Team Members:
- Eddie Xu
- Mackenzie Baucum
- Vasudha Nair
Project Description: By using the ETL, our team is trying to determine the weather conditions that were prevalent at various Starbucks locations in the US. We will be studying the various aspects of the weather.
- Extract: The weather data is a JSON file that is converted into a CSV file and the Starbucks data is a CSV file.
- Transform: In order to transform the public data and use it in our study we performed the following:
- Used Pandas functions in Jupyter Notebook to load the CSV and the JSON file
- Reviewed the files and transformed into data frames.
- For the Starbucks Data set we only focused on Starbucks Brand (there were other brands as well). The data has all the locations in the world. We narrowed it down to USA.
- Next we dropped the locations that did not have a Postcode and looked at the unique cities for these locations.
- For the Weather Data, we focused on cities for the Starbucks locations in the USA and queried it based on API. We filter out any KeyError errors if the city is not found.

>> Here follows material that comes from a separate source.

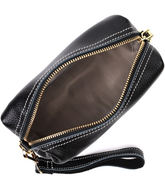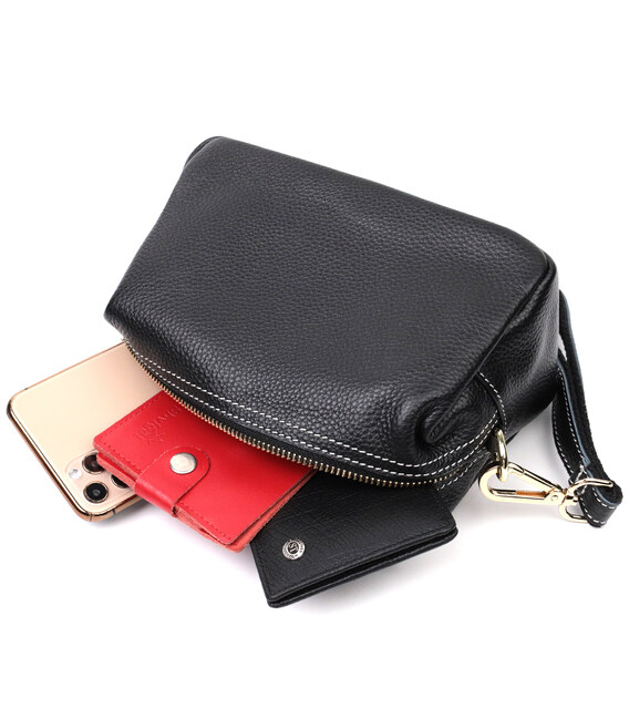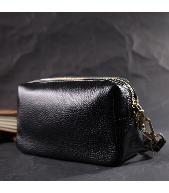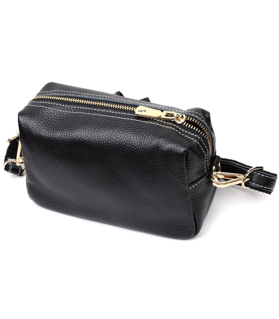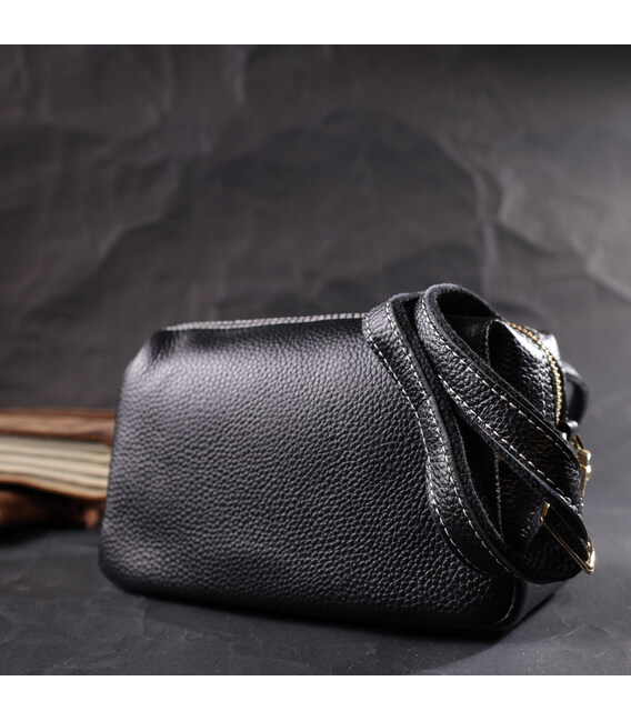Описание Женская элегантная сумка с двумя ремнями из натуральной кожи Vintage 22276 Черный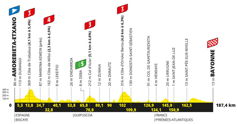 Este lunes se disputará al tercera fracción del Tour, una etapa de 187.4 kilómetros, con cuatro pequeñas dificultades en los primeros 90 kilómetros de la jornada entre Amorebieta-Etxano y Batona.

- Joined the two data sets by City (inner)
- Created queries to address our question
- Load: Load: We transfered our output into a Database. We created a database and respective table to match the columns using Postgres database (PG admin) to store our original clean data sets. We reconnected to the database and generated additional tables for the data frames. There are some limitations to our findings due to the data available. However, we were able to address our hypothesis question in our initial project proposal listed in the ETL Project Final Technical Report
Datasets:
- Open Weather Map API (http://api.openweathermap.org/data/2.5/weather?)
- Starbuck Locations Data (https://www.kaggle.com/starbucks/store-locations)